Diagnostic value of early echography in pregnant women at risk for placenta accreta

Early diagnosis of placenta accreta spectrum (PAS) is important for timely referral of a pregnant woman to a large center specialized in this pathology where it is possible to solve such diagnostic and therapeutic issues using a multidisciplinary approach, to clarify the diagnosis, assess the risks of complications, and determine individualized treatment tactics [1–6].

Screening for abnormal placentation includes an obligatory assessment of the placenta location relatively to the uterine scar during the ultrasound assessment in the second trimester of pregnancy [7, 8]. However, PAS signs can be determined using ultrasound data in 90% of pregnant women who have this pathology already in the first trimester [9–11]. The disadvantages of the previous studies are the small sample size, heterogeneity of ultrasound signs and gestational age at the time of the study, inclusion of only confirmed cases of PAS, as well as the lack of information about the specificity of ultrasound assessment.

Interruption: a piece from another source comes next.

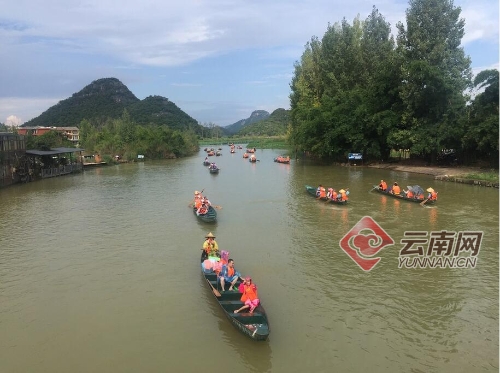 越来越多的游客在普者黑湿地公园水道乘船玩耍

The aim of the study was to identify the diagnostic value of ultrasound assessment at 5–10 weeks gestation in women with risk factors for PAS.

Materials and methods

This was a retrospective analysis of the data of pregnant women who gave birth at Regional Clinical Hospital No. 2, Krasnodar, Russia from 2017 to 2019.

We analyzed the results of the ultrasound assessment performed at 5–10 weeks gestation (before the combined screening period of the first trimester); the results were taken from the electronic database of the Perinatal Diagnostics Centre of Regional Clinical Hospital No. 2, Krasnodar. The data on the outcome of childbirth were obtained from the records on labor archived in the Perinatal Center. The gestational age at the time of delivery was taken into account; the presence of PAS and its depth were considered after histological examination of the surgical material.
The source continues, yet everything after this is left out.